Transcribe all data verbatim. Skip the pictures.

## DATA BLOCK:
────────────────────────────────────────

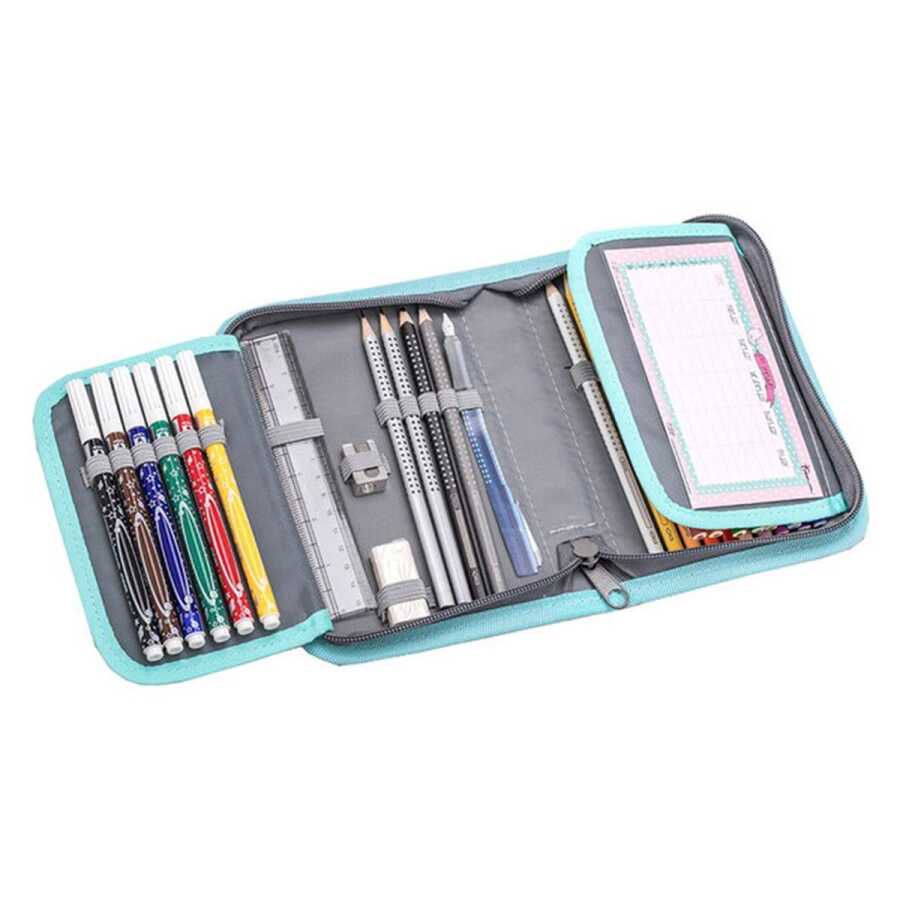 The interior compartment features two fold-over flaps, one of which covers two transparent foil pockets on the front, both of which contain a handy printable timetable for holding paper or cards.
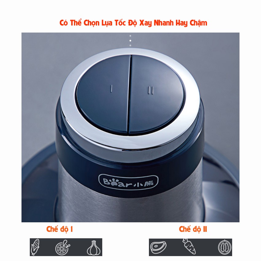 Máy Xay Thịt Mini Bear, Máy Xay Thực Phẩm, Tỏi Ớt Đa Năng, Công Suất Lớn QSJ-C03M1- Hàng Chính Hãng Bear, Bảo Hành 18 t
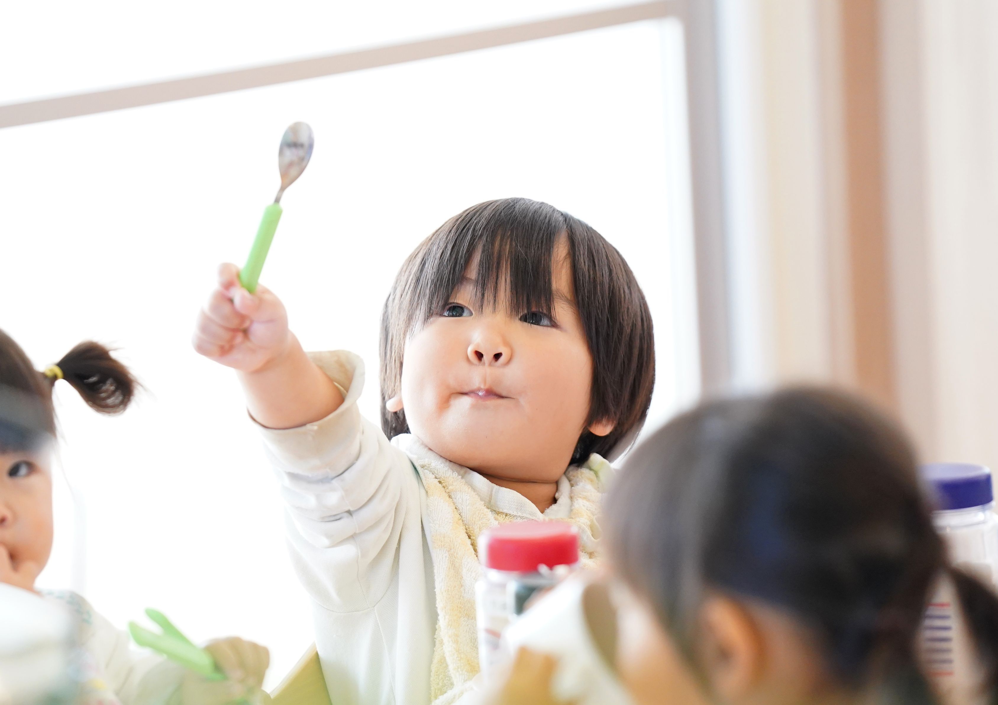 楽しい、楽しい ランチタイム♪ スプーン、持ってきたよ!って言ってるのかしら?( *´艸`) きゅっと結んだおくちが何とも言えない可愛さです。 ※こども園さん、保護者の皆様には写真掲載の許可をいただいております。 (*'▽')

────────────────────────────────────────

## ANSWER TO THIS EXERCISE:
 The interior compartment features two fold-over flaps, one of which covers two transparent foil pockets on the front, both of which contain a handy printable timetable for holding paper or cards.
 Máy Xay Thịt Mini Bear, Máy Xay Thực Phẩm, Tỏi Ớt Đa Năng, Công Suất Lớn QSJ-C03M1- Hàng Chính Hãng Bear, Bảo Hành 18 t
 楽しい、楽しい ランチタイム♪ スプーン、持ってきたよ!って言ってるのかしら?( *´艸`) きゅっと結んだおくちが何とも言えない可愛さです。 ※こども園さん、保護者の皆様には写真掲載の許可をいただいております。 (*'▽')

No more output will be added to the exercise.